Kaplan appears ashamed and regretful, both of her own actions on Your Fave is Problematic and of the strange, outsize cultural impact they’ve had, both as a precursor to MeToo, and as fuel for the still-raging right-wing backlash against ‘wokeism’. To her, the blog now seems like “vengeful public shaming”. “I was angered by hypocrisy and cruelty,” she says; “what I did about it was apply a level of scrutiny that left no room for error.”
I agree with her - but I wonder whether at the same time, we should take what people say at face value. I think we should listen beyond the irony. When Matty Healy sings, “Because I’m a racist,” what if we just believed him? Why are we so desperate not to? To me, art is about seeing the humanity in all of us; about knowing that each and every person you come across has a soul as heavy as yours. Art that rejects this, even in the interest of provocation or social satire, leaves me feeling cold and queasy. After all - in the words of Morrissey himself - it’s so easy to laugh, it’s so easy to hate. It takes strength to be gentle and kind.

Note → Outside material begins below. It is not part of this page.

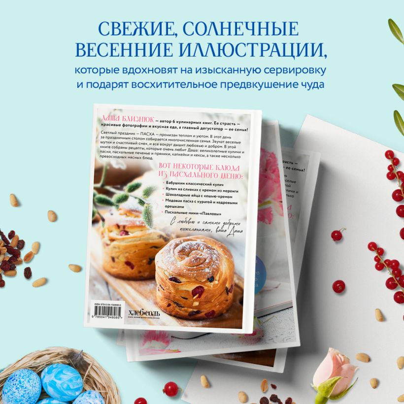 Как испечь куличи, чтобы они получились как у бабушки? Что делать, чтобы они поднялись, пропеклись, не подгорели? Как правильно приготовить глазурь для украшения? Бывают ли пасхи без творога? Чем наполнять тесто и творожную массу для лучшего вкуса кулича и пасхи? Что такое айсинг и краффин? Какие секреты есть у красящихся яиц? На все эти и другие вопросы отвечает Даша Близнюк своими подробными описаниями ингредиентов и шагов приготовления. Классический бабушкин кулич, шоколадные куличи и пасхи, заварная, ореховая и медовая пасхи, пасхальные печенья и пряники и т.д. ― вас ждет великолепное разнообразие этих особенных, присущих именно русской кухни изделий и авторская интерпретация пасхальной выпечки, пришедшей к нам из европейской традиции.
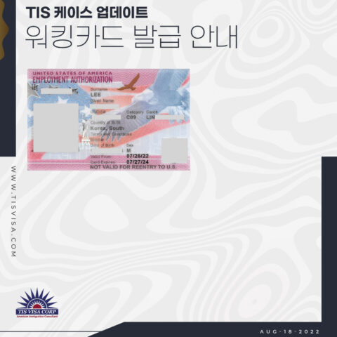 이** 님 외 8분의 워킹카드 승인 및 발급 축하드립니다. 1년 유효기간으로 발급되던 콤보카드 유효기간이 2년으로 발급되고 있습니다. 축하드립니다. 영주권이 최종적으로 승인될 때까지 최선을 다해 도움드릴 수 있도록 하겠습니다.

What about art that's leaving the message unsaid so as to allow the audience to do the working out, reinforcing and making stronger the idea they draw from it?
Fantastic read.
I missed the essay by the "your fave is problematic" creator, but love how you framed your piece with it. I remember that blog's heyday so well. I'm not surprised to find out the creator was trying to find certainty and justice. That kind of tragedy has such a grip on the psyche. I've certainly gone through phases of being obsessed with justice followed by apathy and choices I regret that don't align with my values, and then beginning all over again. The challenge is returning to compassion and kindness.